Among the lines below, the one containing "Нарисуй мужчину ниндзя" opens the range and the one containing "4月3日,行人在新疆哈密街头驻足玩雪。新华社发(蔡增乐 摄)" closes it. Print that range exactly, without the pictures.

[DATA LISTING]
* * * * * * *

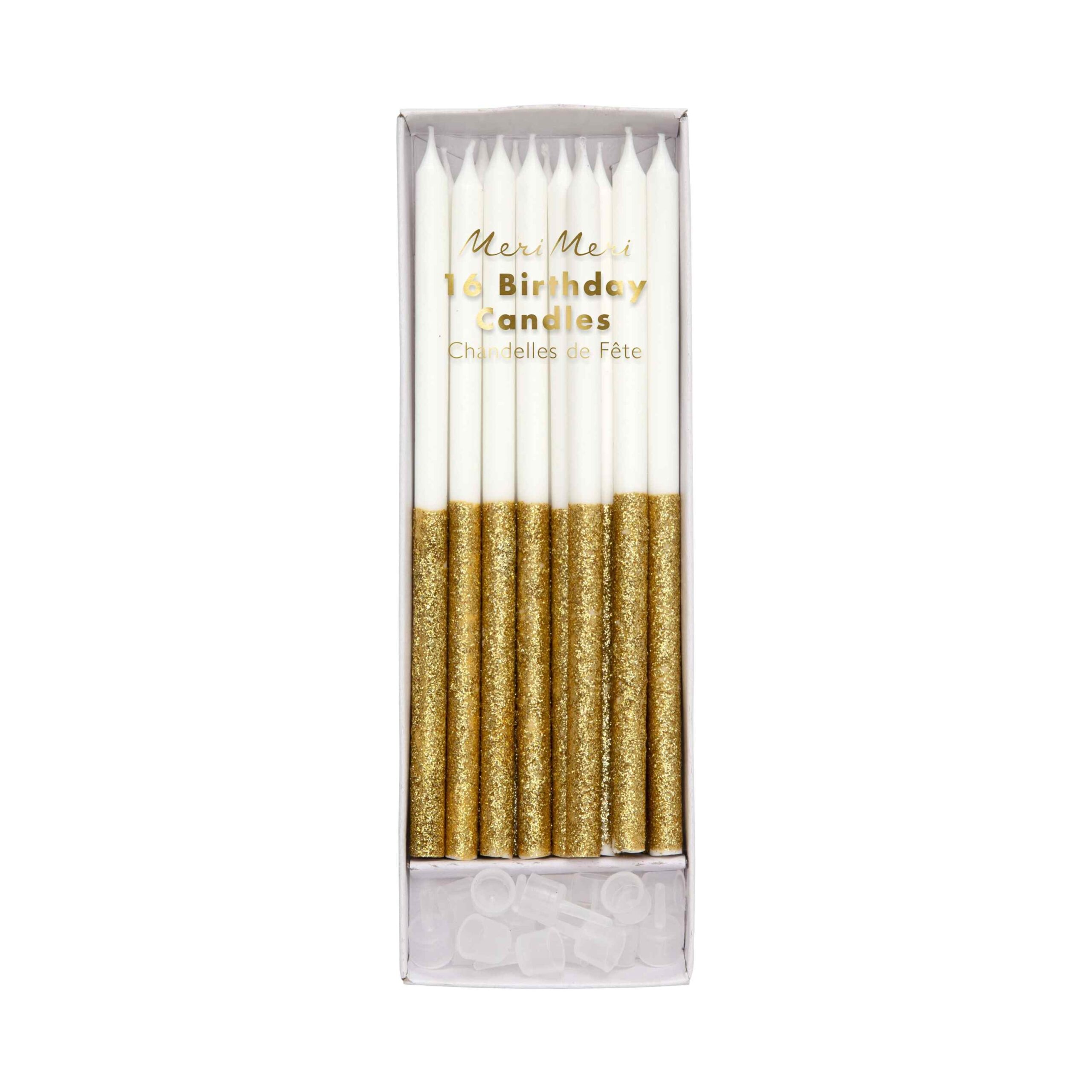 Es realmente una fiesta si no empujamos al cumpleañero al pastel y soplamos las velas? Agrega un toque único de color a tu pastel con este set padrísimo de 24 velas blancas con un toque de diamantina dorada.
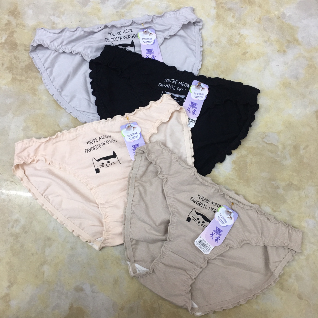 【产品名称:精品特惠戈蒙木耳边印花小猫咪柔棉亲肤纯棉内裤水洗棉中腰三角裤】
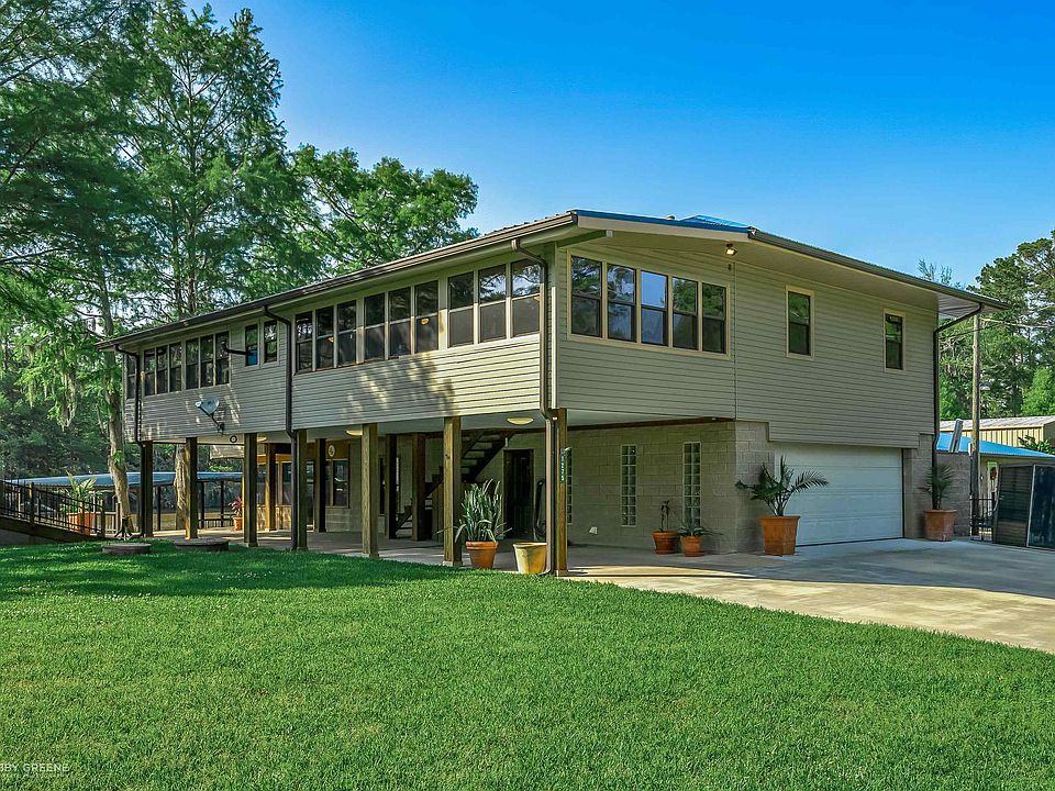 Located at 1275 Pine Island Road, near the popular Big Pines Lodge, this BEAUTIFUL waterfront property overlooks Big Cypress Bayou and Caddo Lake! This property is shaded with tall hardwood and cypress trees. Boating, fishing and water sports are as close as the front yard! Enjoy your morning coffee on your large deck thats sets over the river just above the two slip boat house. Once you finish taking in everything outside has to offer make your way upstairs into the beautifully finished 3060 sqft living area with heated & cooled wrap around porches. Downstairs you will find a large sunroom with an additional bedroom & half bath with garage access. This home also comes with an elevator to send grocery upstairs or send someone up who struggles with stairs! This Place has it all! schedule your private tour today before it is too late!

* * * * * * *

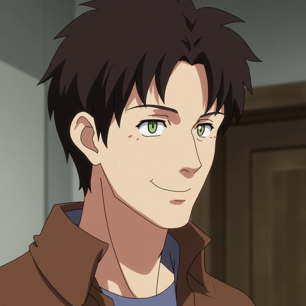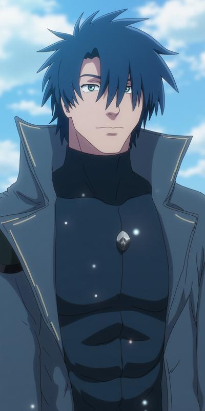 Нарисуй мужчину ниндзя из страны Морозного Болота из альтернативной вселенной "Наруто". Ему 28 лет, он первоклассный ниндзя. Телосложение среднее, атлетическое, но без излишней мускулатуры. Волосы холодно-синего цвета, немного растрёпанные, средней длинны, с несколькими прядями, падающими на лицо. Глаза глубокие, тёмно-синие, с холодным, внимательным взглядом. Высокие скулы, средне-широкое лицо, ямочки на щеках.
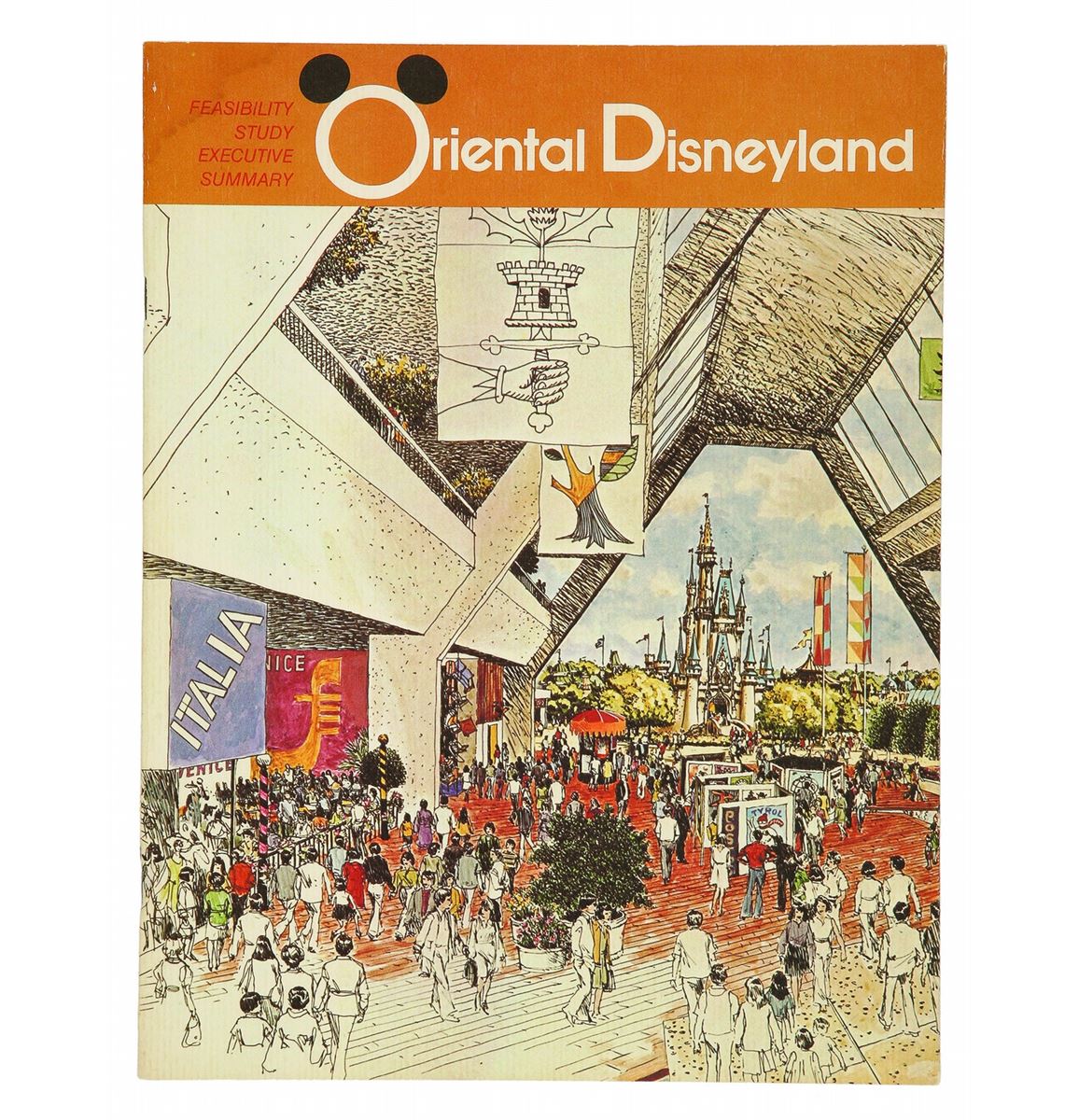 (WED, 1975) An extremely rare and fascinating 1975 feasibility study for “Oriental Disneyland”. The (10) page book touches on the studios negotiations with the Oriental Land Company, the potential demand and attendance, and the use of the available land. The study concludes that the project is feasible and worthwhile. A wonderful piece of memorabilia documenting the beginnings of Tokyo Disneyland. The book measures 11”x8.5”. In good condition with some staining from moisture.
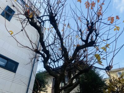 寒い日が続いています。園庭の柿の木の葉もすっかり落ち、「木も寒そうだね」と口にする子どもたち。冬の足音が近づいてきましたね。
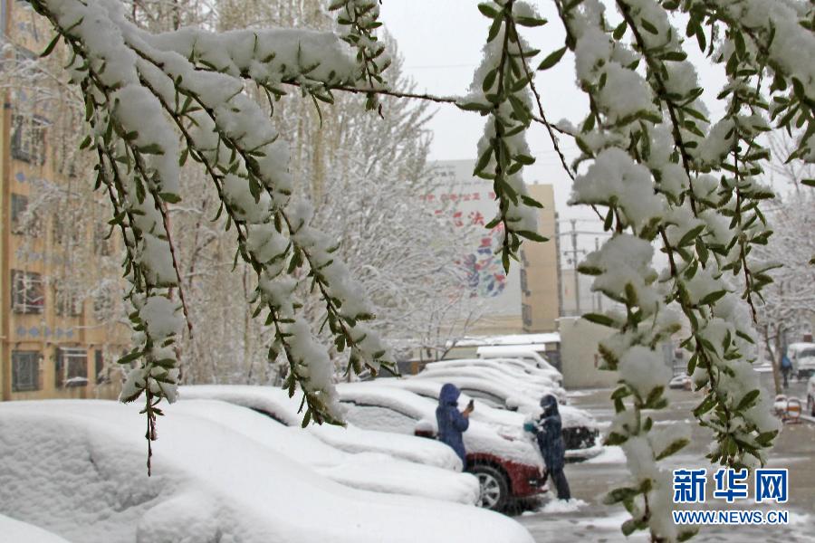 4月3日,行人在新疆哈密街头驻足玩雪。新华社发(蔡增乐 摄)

* * * * * * *

[FINISHED TASK]
 Нарисуй мужчину ниндзя из страны Морозного Болота из альтернативной вселенной "Наруто". Ему 28 лет, он первоклассный ниндзя. Телосложение среднее, атлетическое, но без излишней мускулатуры. Волосы холодно-синего цвета, немного растрёпанные, средней длинны, с несколькими прядями, падающими на лицо. Глаза глубокие, тёмно-синие, с холодным, внимательным взглядом. Высокие скулы, средне-широкое лицо, ямочки на щеках.
 (WED, 1975) An extremely rare and fascinating 1975 feasibility study for “Oriental Disneyland”. The (10) page book touches on the studios negotiations with the Oriental Land Company, the potential demand and attendance, and the use of the available land. The study concludes that the project is feasible and worthwhile. A wonderful piece of memorabilia documenting the beginnings of Tokyo Disneyland. The book measures 11”x8.5”. In good condition with some staining from moisture.
 寒い日が続いています。園庭の柿の木の葉もすっかり落ち、「木も寒そうだね」と口にする子どもたち。冬の足音が近づいてきましたね。
 4月3日,行人在新疆哈密街头驻足玩雪。新华社发(蔡增乐 摄)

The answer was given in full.